When I think about Pluto these days, I also think about my seatmate on that flight to Florida years ago.  She was about 75, I guessed – petite, lively of eye and pleasant of manner, traveling from her home in Connecticut to visit friends in Florida.  It was January and she was happy to leave the snow and ice of Connecticut behind, as she had done for a month the last dozen years.

But this year, the trip was different.  It was the first time she had made it alone, because she had buried her husband a month before.  She was handling it well, and the friends in Florida were a big help.  They had told her, “You’ll never be homeless,” and I realized that meant a lot more than a place of physical shelter, especially now.  She would spend a few days with each of her Florida friends and then fly back to Connecticut, knowing that it was not her only home.

We talked for awhile, and I remember hoping that one day, if faced with similar circumstances, I could handle a loss with as much grace and that I would have friends somewhere who would make sure I was never homeless.

Across the aisle from me was a man about the same age as my seatmate, a woman seated next to him that appeared to be his wife.  He was impatient with her, grumpy and out of sorts in a sour, scrunched-faced way.  He had two Bloody Marys and drifted off to sleep, and she looked relieved.  I wished I could introduce her to my seatmate and they could steal away together for a month of Florida sun.

But of course the wife would never do such a thing.  Somehow she had put up with his grumpiness all these years and here in the twilight she wasn’t likely to exchange the known for the unknown.  So she would probably keep putting up with him, but maybe kick him in the shins every once in awhile.  Someday, odds were, she would lose him, and miss him, grumpiness and all.

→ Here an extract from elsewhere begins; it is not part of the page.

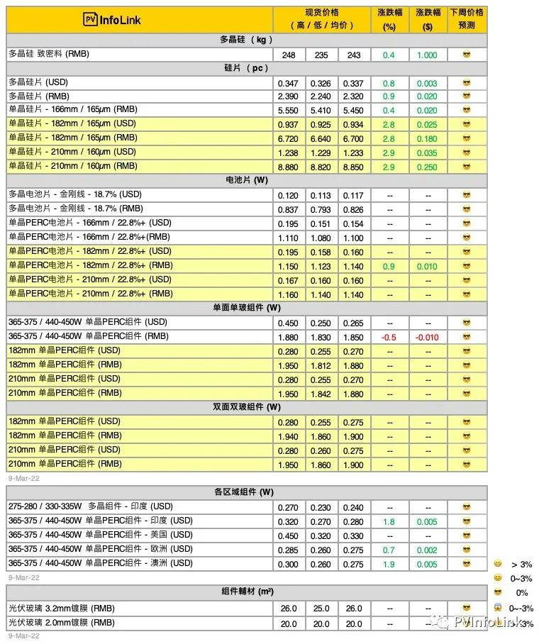3月9日,PVInfoLink發(fā)布光伏產(chǎn)業(yè)鏈最新周價(jià)格匯總,上游硅料、硅片環(huán)節(jié)價(jià)格再次上漲。

I went back to my newspaper and re-read the story about the downsizing of Pluto and pondered for awhile on the nature of loss and its aftermath.  I decided that I could never again think of our solar system in the same way, and it made me sad that poor little Pluto didn’t have anything like friends in Florida to ease the pain.  I thought of those astronomers downsizing Pluto as a bunch of old grumps, too – in need of a kick in the shins.

But now, 16 years later, with New Horizons putting my favorite planet in the news again, I’m happy.  For me and lots of other folks, Pluto will always be a planet – maybe the runt of the litter, but part of the litter, nonetheless.  I’ve always had a soft spot in my heart for runts.